Вообще, и порнография, и секс — это разные модусы одного и того же. Посему все зависит от того, с какой глубиной материала ты работаешь. Если ты работаешь с виньетками, декоративной поверхностью — ты работаешь с порно. Если ты работаешь с неким Логосом явления, это уже работа с эротикой. Собственно, такое разделение весьма условно и в культуре в целом, и на уровне жанров, и во многом зависит от конкретной социокультурной ситуации, в которой это воспринимается.
— Тема, которая неизбежно встает в связи с нашей проблемой, — это язык описания. Известно, что И. Бродский в свое время сказал о том, что «любовь как акт лишена глагола». Постмодернистские практики весьма активно задействуют области обсценной лексики, в связи с чем возникает следующий вопрос: как вы считаете, насколько включение этого лексического уровня способно «эротизировать» литературу и дискурс?

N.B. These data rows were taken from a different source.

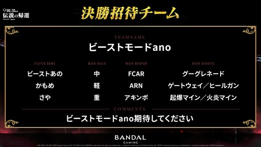 この結果により、GGLの歴史を象徴する二大王者、初代王者「あぽかりぷす!」と、3連覇王者「ビーストモードano」による “夢の決勝戦” が遂に実現することとなりました!
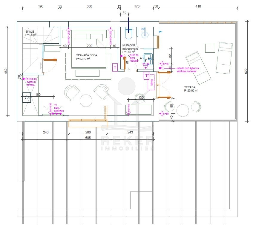 Das Anwesen besticht durch gleich zwei Terrassen: Eine großzügige im Untergeschoss mit 50 m² und eine weitere im ersten Stock mit 20 m², die einen atemberaubenden Blick auf das Meer bietet. Diese perfekten Außenbereiche laden dazu ein, die frische Meeresluft zu genießen, entspannende Stunden oder gesellige Abende mit Freunden und Familie zu verbringen.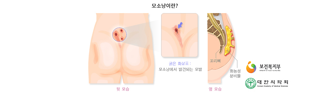 모소낭이란 피부와 피하 조직을 침범하는 모발과 연관된 만성 염증성 질환으로, 모소동이나 모소질환이라고 불립니다. 모소낭은 대부분 항문 후방 엉덩이 꼬리뼈부분의 둔부열에 발생하며, 외부에서 보면 정중앙에 구멍이 있으면서 머리쪽으로 관을 형성하고 있으며 정중선 바깥쪽으로 이차 누관을 형성하는 경우가 많습니다.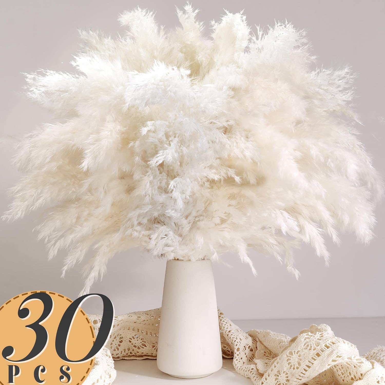 • 30 PCS White Pampas Grass for Home Decor - Elegant Boho Decor - Premium Quality Pampas Grass Stems - Perfect for House, Nursery, Western, Wedding, Table, and Bohemian Decor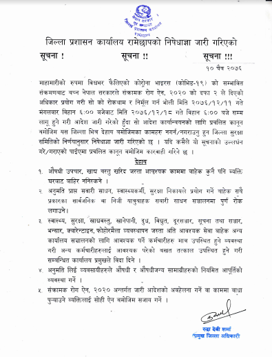 जारी निषेधाज्ञामा स्वास्थ्य , सरक्षा,खाद्य वस्तु , खानेपानी , दुध ,विद्युत ,दुरसञ्चार , सूचना तथा सञ्चार,भन्सार , क्वारेन्टाइन , फोहोरमैला व्यवस्थापन जस्ता अति आवश्यक सेवा बाहेक अन्य कार्यालय संचालनका लागि आवश्यक पर्ने कर्मचारीहरु मात्रै उपस्थित हुने व्यवस्था गरी अन्य कर्मचारीहरुलाई आवश्यक परेको बेलामा तत्काल उपस्थित हुने गरी सम्बन्धित कार्यालय प्रमुखलाई विदा दिन भनिएको छ । सूचनामा यदि कसैले कर्फ्युको अवहेलना गरे वा काममा वाधा पुर्याउने व्यक्तिलाई संक्रामक रोग ऐन २०२० अनुसार कारवाही गरिने चेतावनी पनि दिइएको छ ।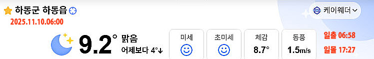 | 수능일 하동 날씨, 다행히 큰 추위는 없어…큰 일교차 주의 (0) | 2025.11.13 |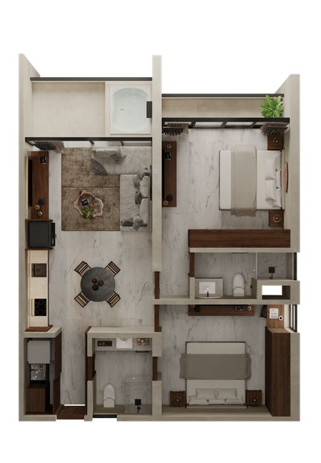 • Terraza privada con acceso exclusivo al rooftop, ideal para disfrutar del clima caribeño.

— Дело в том, что вообще мат неэротичен. Он может быть эмфатичен, магичен — какой угодно, но в принципе при описании эротических ситуаций он неупотребим. В общем-то он, скорее, разрушителен для эротики. Посему употребление обсценного слоя в писаниях имеет скорее либо декоративно-фактурный смысл, либо персонажный, либо, действительно, магически-заклинательный. Все зависит от конкретной прагматики употребления.
Эротика в принципе невыговариваема — она описываема. Поэтому когда мат начинает выговаривать это — он уже не эротика. Эротика не вербализируема, она визуализируема. В наше время эротика стала заполнять такие большие области культурного пространства по причине наблюдаемого постепенного превалирования визуального над вербальным. В пределах же вербальности эротика всегда предполагает долгую процессуальность описания и требует усилий читающего для своей последующей визуализации. Сейчас картинка побеждает, а эротика, собственно, для этого и предназначена.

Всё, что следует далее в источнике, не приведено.